• [WORK TO COMPLETE] Your answer is the line containing "Ensuite, contrôlez visuellement" plus every line after it through the end of the records, printed exactly and free of pictures.

• [AVAILABLE RECORDS]

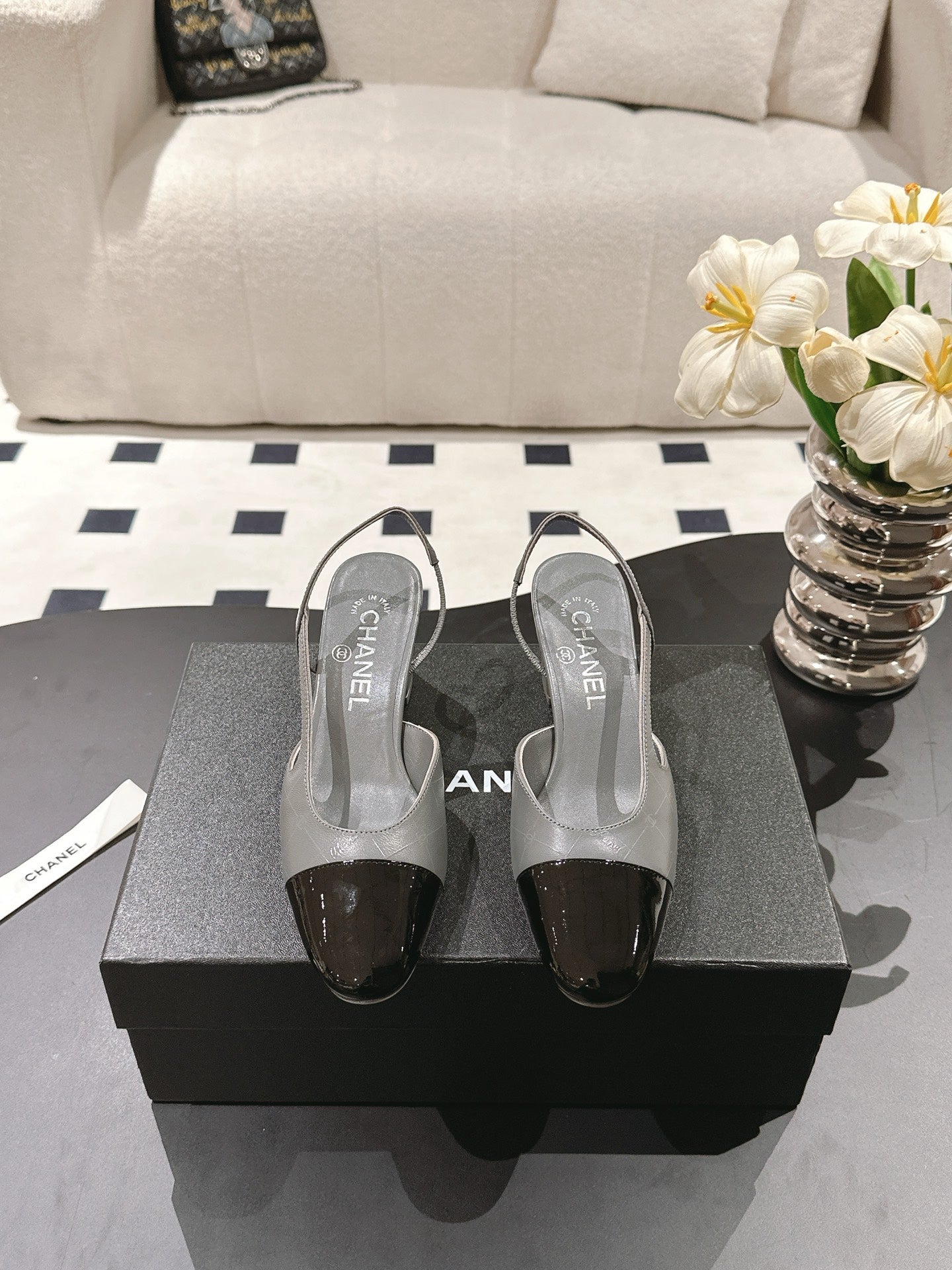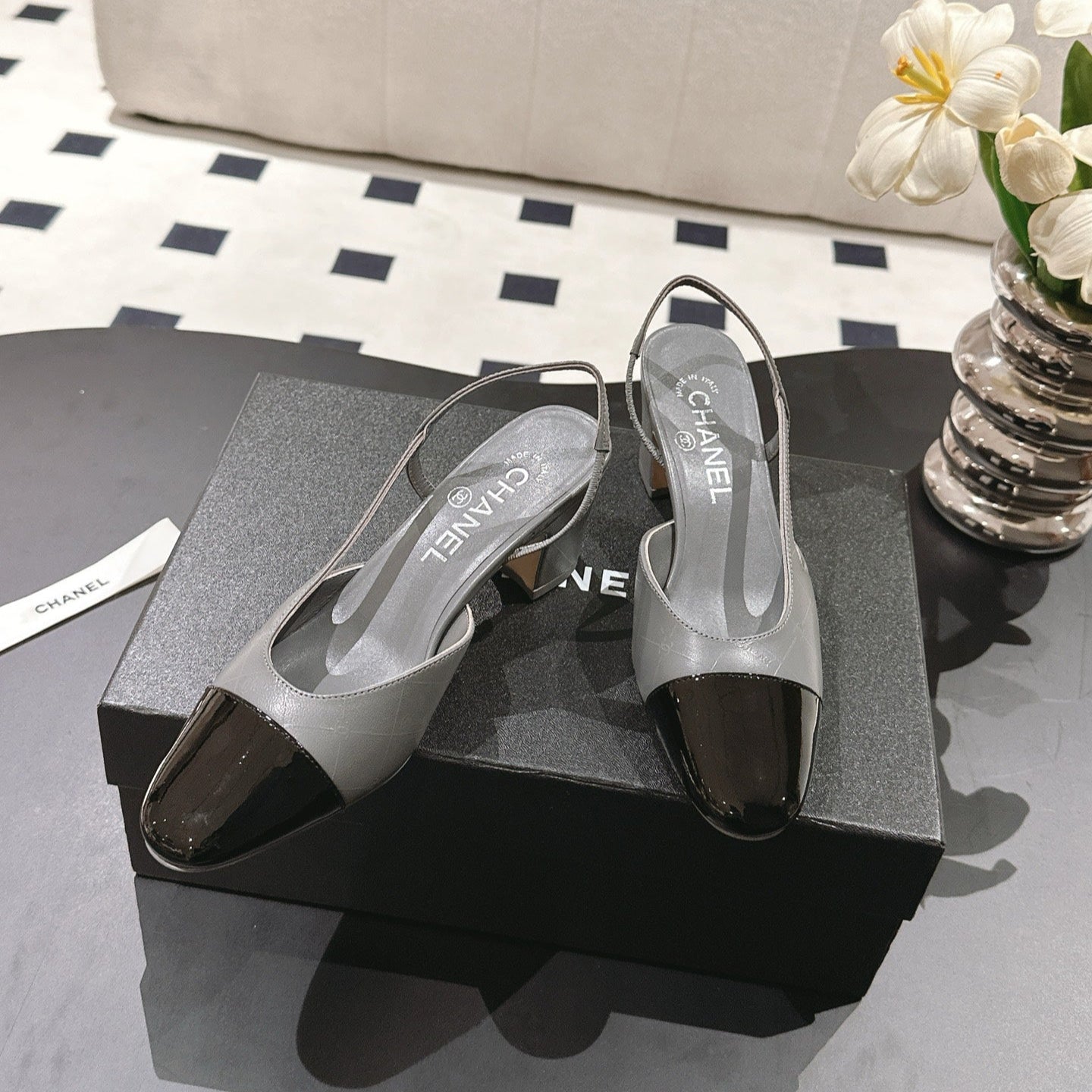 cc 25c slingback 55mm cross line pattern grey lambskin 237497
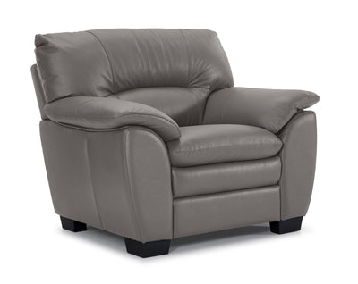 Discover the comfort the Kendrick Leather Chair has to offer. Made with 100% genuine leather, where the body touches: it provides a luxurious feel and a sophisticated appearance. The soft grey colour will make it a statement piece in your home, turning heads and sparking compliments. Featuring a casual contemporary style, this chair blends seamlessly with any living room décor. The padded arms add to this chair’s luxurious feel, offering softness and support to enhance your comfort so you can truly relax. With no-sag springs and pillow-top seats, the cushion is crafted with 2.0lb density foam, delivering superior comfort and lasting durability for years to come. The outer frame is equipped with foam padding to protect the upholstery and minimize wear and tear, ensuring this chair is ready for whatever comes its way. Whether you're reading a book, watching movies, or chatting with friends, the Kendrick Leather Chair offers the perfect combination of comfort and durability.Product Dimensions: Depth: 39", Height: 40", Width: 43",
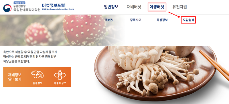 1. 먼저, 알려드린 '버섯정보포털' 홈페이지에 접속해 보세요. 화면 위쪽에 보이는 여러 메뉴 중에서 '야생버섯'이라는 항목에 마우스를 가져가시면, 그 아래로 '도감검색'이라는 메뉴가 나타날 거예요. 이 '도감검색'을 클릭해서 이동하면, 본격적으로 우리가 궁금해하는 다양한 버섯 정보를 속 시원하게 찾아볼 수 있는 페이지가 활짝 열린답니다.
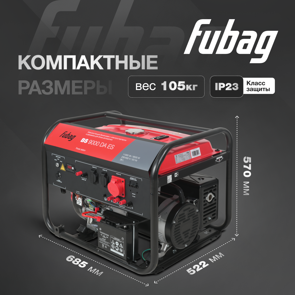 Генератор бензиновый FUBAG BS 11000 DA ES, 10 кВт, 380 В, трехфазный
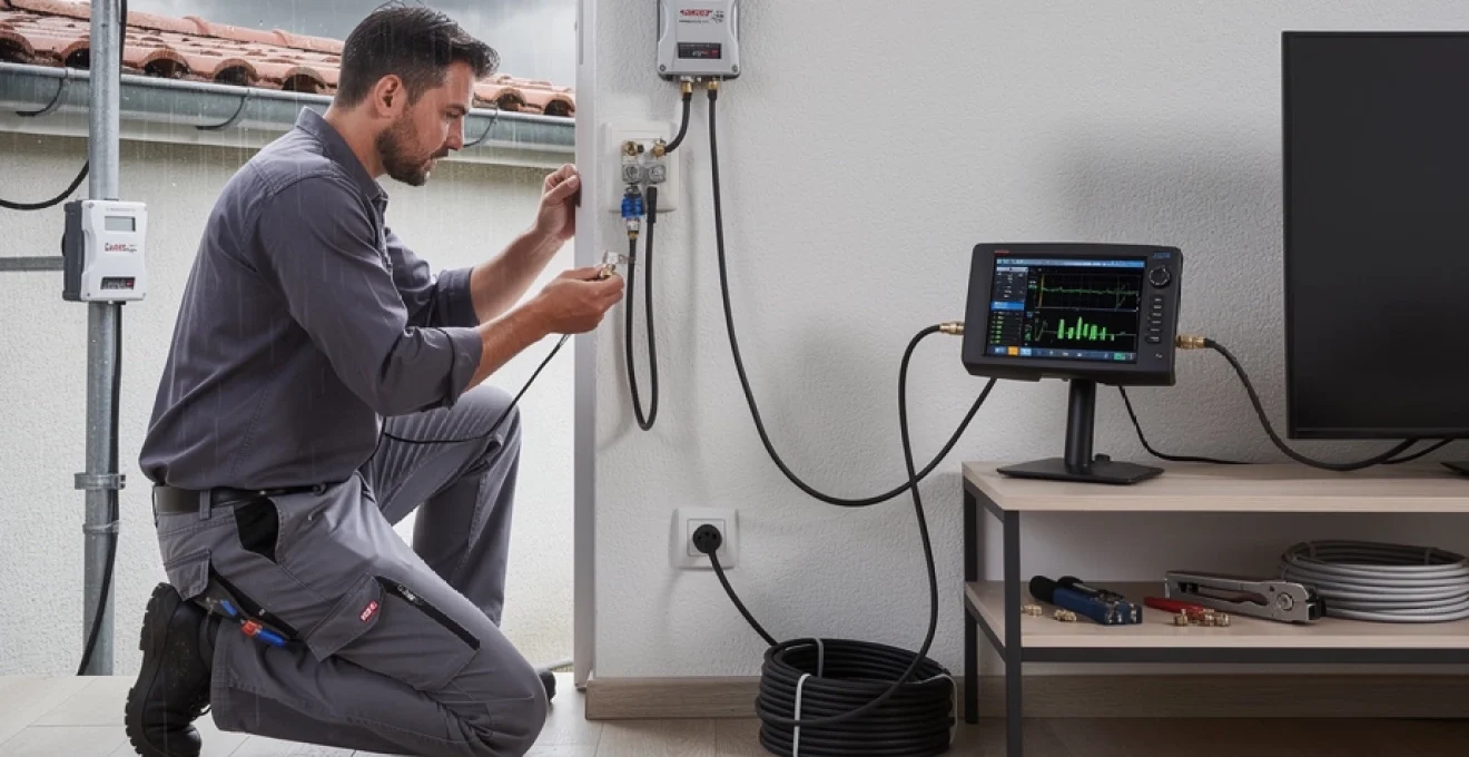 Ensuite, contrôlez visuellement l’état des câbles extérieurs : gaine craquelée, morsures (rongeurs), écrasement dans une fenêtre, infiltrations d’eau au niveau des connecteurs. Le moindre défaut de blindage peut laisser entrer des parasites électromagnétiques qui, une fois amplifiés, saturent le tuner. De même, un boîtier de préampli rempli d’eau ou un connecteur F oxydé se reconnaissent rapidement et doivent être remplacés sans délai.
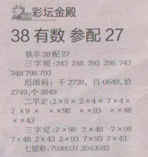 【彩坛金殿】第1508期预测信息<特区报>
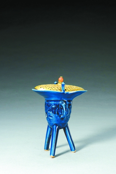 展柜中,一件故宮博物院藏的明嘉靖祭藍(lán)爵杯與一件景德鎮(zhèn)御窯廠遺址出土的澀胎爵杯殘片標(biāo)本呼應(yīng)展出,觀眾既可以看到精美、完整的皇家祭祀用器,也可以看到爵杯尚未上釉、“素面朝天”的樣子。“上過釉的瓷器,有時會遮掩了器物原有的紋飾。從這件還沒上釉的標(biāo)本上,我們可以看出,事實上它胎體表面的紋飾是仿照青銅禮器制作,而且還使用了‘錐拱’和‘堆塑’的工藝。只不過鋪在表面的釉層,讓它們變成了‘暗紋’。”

• [WRITTEN RESPONSE]
 Ensuite, contrôlez visuellement l’état des câbles extérieurs : gaine craquelée, morsures (rongeurs), écrasement dans une fenêtre, infiltrations d’eau au niveau des connecteurs. Le moindre défaut de blindage peut laisser entrer des parasites électromagnétiques qui, une fois amplifiés, saturent le tuner. De même, un boîtier de préampli rempli d’eau ou un connecteur F oxydé se reconnaissent rapidement et doivent être remplacés sans délai.
 【彩坛金殿】第1508期预测信息<特区报>
 展柜中,一件故宮博物院藏的明嘉靖祭藍(lán)爵杯與一件景德鎮(zhèn)御窯廠遺址出土的澀胎爵杯殘片標(biāo)本呼應(yīng)展出,觀眾既可以看到精美、完整的皇家祭祀用器,也可以看到爵杯尚未上釉、“素面朝天”的樣子。“上過釉的瓷器,有時會遮掩了器物原有的紋飾。從這件還沒上釉的標(biāo)本上,我們可以看出,事實上它胎體表面的紋飾是仿照青銅禮器制作,而且還使用了‘錐拱’和‘堆塑’的工藝。只不過鋪在表面的釉層,讓它們變成了‘暗紋’。”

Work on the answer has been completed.